Когда Евгений Павлович
тут же напоминает ему, каким в ту минуту должно было быть и лицо Аглаи, упрекая
его в бессердечии ("и где у вас сердце было тогда, ваше "христианское"-то
сердце! Ведь вы видели же ее лицо в ту минуту: что она, меньше ли страдала, чем
та, чем ваша другая, разлучница?"[95]), князь до сего момента
лишь вяло и как бы в полузабытьи соглашавшийся с Евгением Павловичем, вдруг с
необыкновенной силой ощущает свою вину ("Ах, боже мой, боже мой! Вы
говорили про ее лицо в ту минуту, как она выбежала... о, боже мой, я помню!..
Пойдемте, пойдемте... к Аглае Ивановне, пойдемте сейчас!"[96]).
Это место очень показательно как свидетельство о том, что князь воспринимал
ситуацию именно как противостояние двух лиц или же двух своих видений, из
которых одно оказалось более сильным, что и сыграло решающую роль, несмотря на
то, что на самом деле любовь князя принадлежала Аглае.
В результате гибель
Настасьи Филипповны выглядит как невольно спровоцированная самим князем — из-за
той иррациональной власти, которой обладало над ним видение Настасьи
Филипповны. Так или иначе, с Настасьей Филипповной произошло все, что увидел о
ней князь. И может быть, как раз потому, что он это увидел?
Развязка добавляет еще
несколько интересных деталей к описанной нами системе зрительных образов.
И князь, и Настасья
Филипповна начинают все чаще и чаще видеть видение Рогожина-убийцы. Незадолго
до свадьбы Настасье Филипповне мерещится Рогожин в саду, который хочет ее
зарезать. "Дело объяснялось простым миражем"[97].

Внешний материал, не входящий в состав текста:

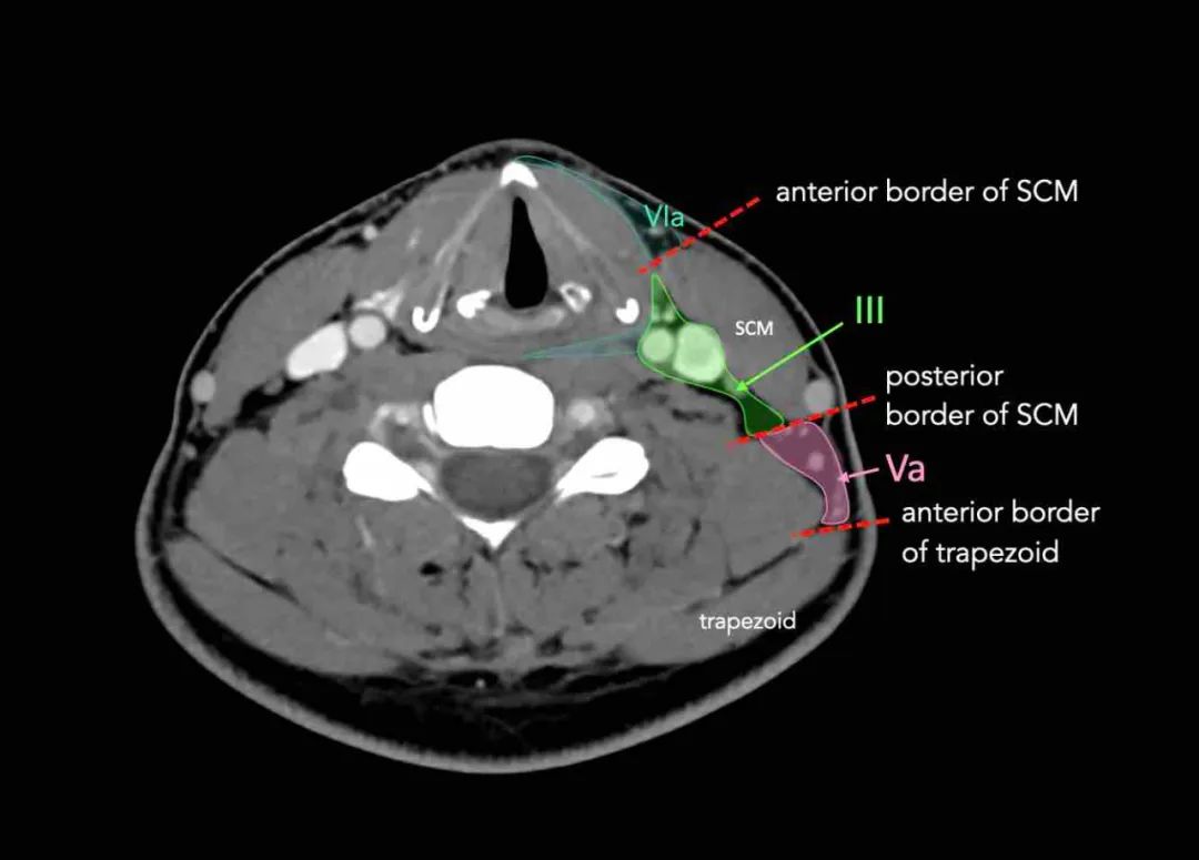 第五层的淋巴结通常与鼻咽、口咽、头皮后部的皮肤结构和甲状腺的原发癌有关。

2.4 Роль Настасьи Филипповны в нравственной
проблематике романа
В черновиках к роману "Идиот"
Ф.М. Достоевский, описывая отношения князя Мышкина и Настасьи Филипповны, с
непонятным упорством, отдающим, на первый взгляд, дурным вкусом, повторяет
слова "реабилитировать", "реабилитация": "Н.Ф.

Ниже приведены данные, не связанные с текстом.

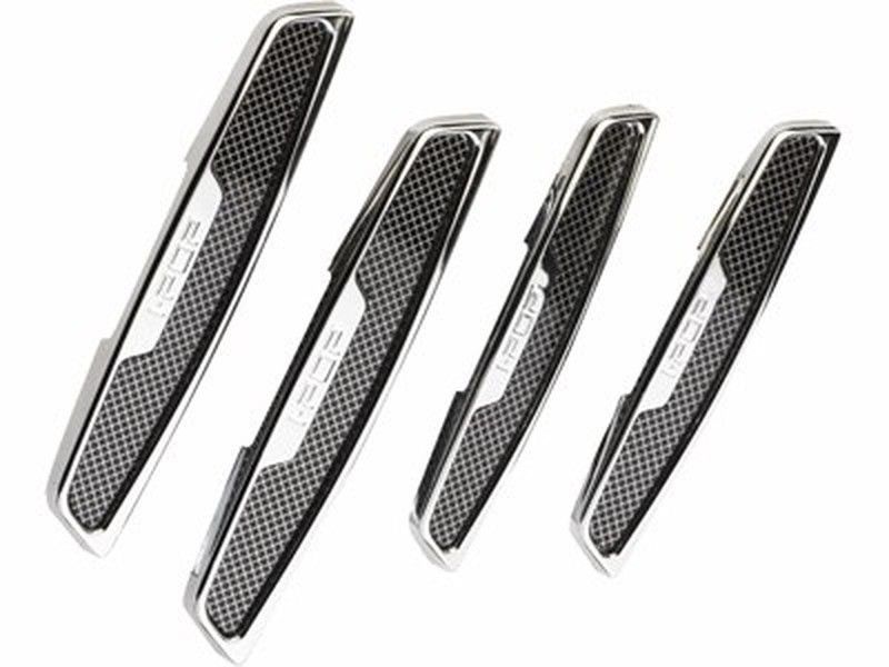 Juego de 4 protectores de puerta cromados con acabado en fibra de carbono y detalles en acero inoxidable. Diseño elegante y resistente para proteger las puertas de tu vehículo de arañazos y golpes. Ideal para coches con estilo deportivo o premium. Fácil instalación y acabado de alta calidad.

невеста. Сцены с князем полной реабилитации и полного падения"[98];
"Н.Ф. <…> Князю: "Если ты меня реабилитировал…"[99];
"re'habilitation Настасьи Филипповны"[100]
и т.п. Однако словоупотребление писателя, как всегда, глубоко обоснованно: в
этих словах заключается и ими объясняется неудача князя Мышкина, оказывающегося
не в состоянии "спасти и воскресить" героиню.
В статье "О
религиозной филологии", С.Г. Бочаров пишет о неверном истолковании мною
слова "реабилитировать", "rethabiliter", которое, по его
мнению, означает не "оправдывать", а "восстанавливать"[101]:
"Реабилитировать" - слово из черновиков к "Идиоту", "то
есть - оправдывать", комментирует исследовательница[102].

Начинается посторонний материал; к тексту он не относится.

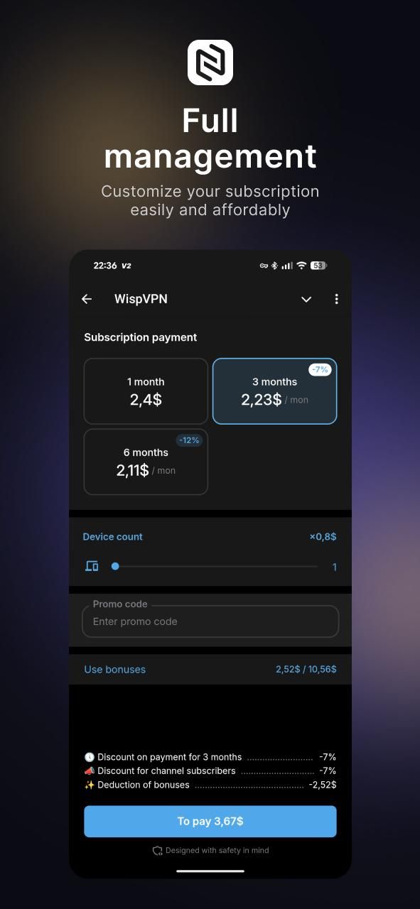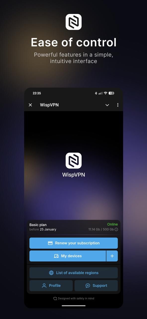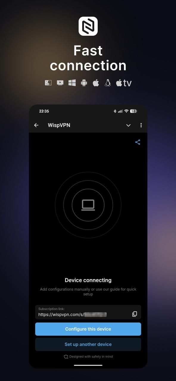 WispVPN — это простой и надежный способ оставаться на связи без ограничений. Настройка занимает всего минуту, и вы можете без проблем настроить подключение на любом устройстве. Мы не храним логи, не собираем персональные данные и не замедляем ваш интернет — только стабильный, быстрый и защищенный доступ к нужным вам сайтам и приложениям.

Но комментарий ошибочен, поскольку пользуется […] суженным, усеченным
актуальным истолкованием термина, как он знаком нам по политической
современности. Достоевский творил в другом языке, у него это слово - духовный
термин, правда, пришедший к нему из французского христианского социализма
времен его молодости. Смысл его еще в 1849 году был проговорен П.В. Анненковым
в статье о ранних произведениях Достоевского: "попытка восстановления (re'habilitation)
человеческой природы"[103]. А сам Достоевский в 1862 г. в широко известных словах объявил "восстановление погибшего человека" главной
мыслью всего искусства своего столетия, "мыслью христианской и высоконравственной".
Несомненно, в том же значении термин используется в черновиках к "Идиоту"[104].